The more difficult and prolonged any task is, the greater is the satisfaction of finishing it. Everyone knows what it is, after accomplishing anything on which a great deal of labour has been bestowed or the accomplishment of which has been delayed, to be able to say, "There; it is finished at last." In the more signal efforts of human genius and energy there is a satisfaction of final achievement which warms even spectators with sympathy at the distance of hundreds of years. What must it be to the poet, after equipping himself by the labours of a lifetime with the stores of knowledge and the skill in the use of language requisite for the composition of a "Divine Comedy" or a "Paradise Lost," and after wearing himself lean for many years at his task, to be able at last, when the final line has been penned, to write Finis at the bottom of his performance? What must it have been to Columbus, after he had worn his life out in seeking the patronage necessary for his undertaking and endured the perils of voyaging in stormy seas and among mutinous mariners, to see at last the sunlight on the peak of Darien which informed him that his dream was true and his lifework accomplished?

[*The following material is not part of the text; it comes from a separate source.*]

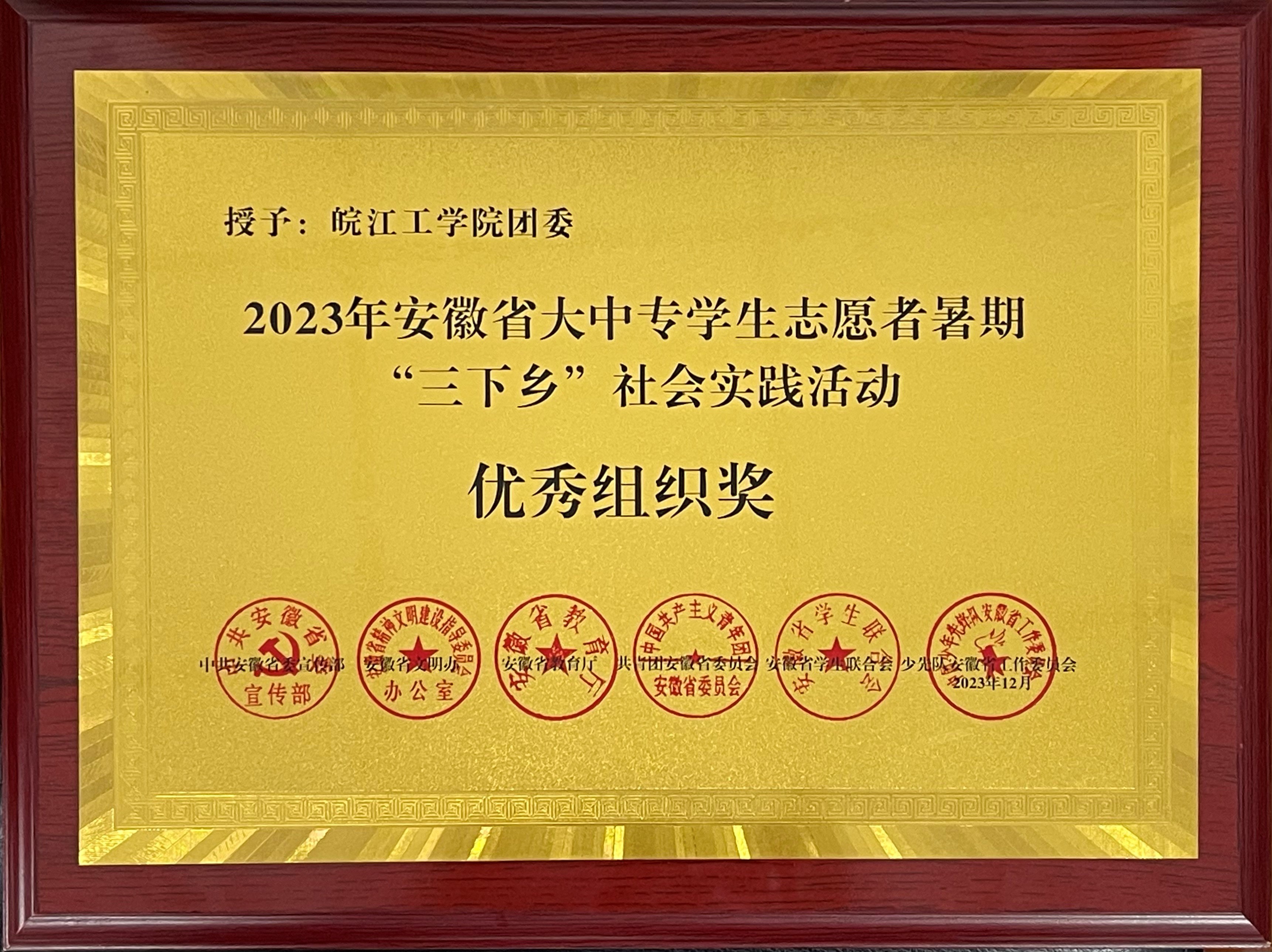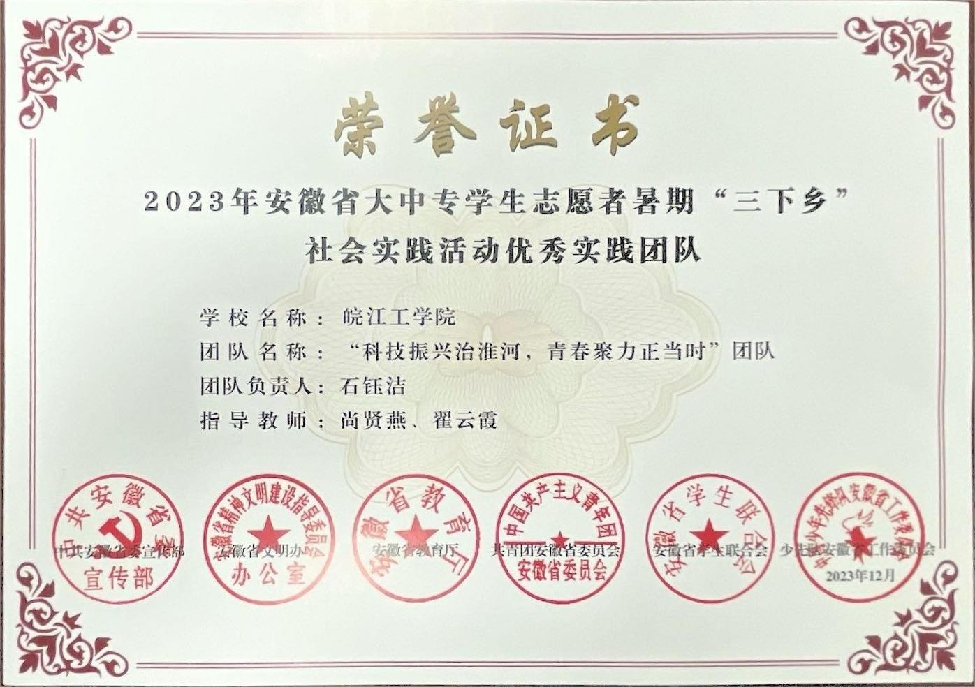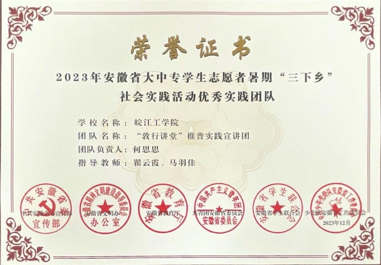 beat365官网荣获2023年安徽省大中专学生志愿者 暑期“三下乡”社会实践活动“优秀组织奖”等多项荣誉

When we read how William Wilberforce, the champion of Slave Emancipation, heard on his deathbed, a few hours before he breathed his last, that the British Legislature had agreed to the expenditure necessary to secure the object to which he had sacrificed his life, what heart can refuse its tribute of sympathetic joy, as it thinks of him expiring with the shouts of emancipated millions in his ears? These are feeble suggestions of the triumph with which Christ saw, fallen behind Him, His accomplished task, as He cried, "It is finished."
II.
If Jesus had during life a vast work on hand which He was able on the cross to say He had finished, He was in quite as exceptional a degree a sufferer; yet on the cross He was able to say that His suffering also was finished.
Suffering is the reverse side of work. It is the shadow that accompanies achievement, as his shadow follows a man. It is due to the resistance offered to the worker by the medium in which he toils.
The life of Jesus was one of great suffering, because He had to do His work in an extremely resistant medium. His purpose was so beneficent, and His passion for the good of the world so obvious, that it might have been expected that He would meet with nothing but encouragement and furtherance. He was so religious that all the religious forces might have been expected to second His efforts; He was so patriotic that it would have been natural if His native country had welcomed Him with open arms; He was so philanthropic that He ought to have been the idol of the multitude. But at every step He met with opposition. Everything that was influential in His age and country turned against Him. Obstruction became more and more persistent and cruel, till at length on Calvary it reached its climax, when all the powers of earth and hell were combined with the one purpose of crushing Him and thrusting Him out of existence. And they succeeded.
But the mystery of suffering is very insufficiently explained when it is defined as the reaction of the work on the worker. While a man's work is what he does with the force of his will, suffering is what is done to him against his will. It may be done by the will of opponents and enemies. But this is never the whole explanation. Above this will, which may be thoroughly evil, there is a will which is good and means us good by our suffering.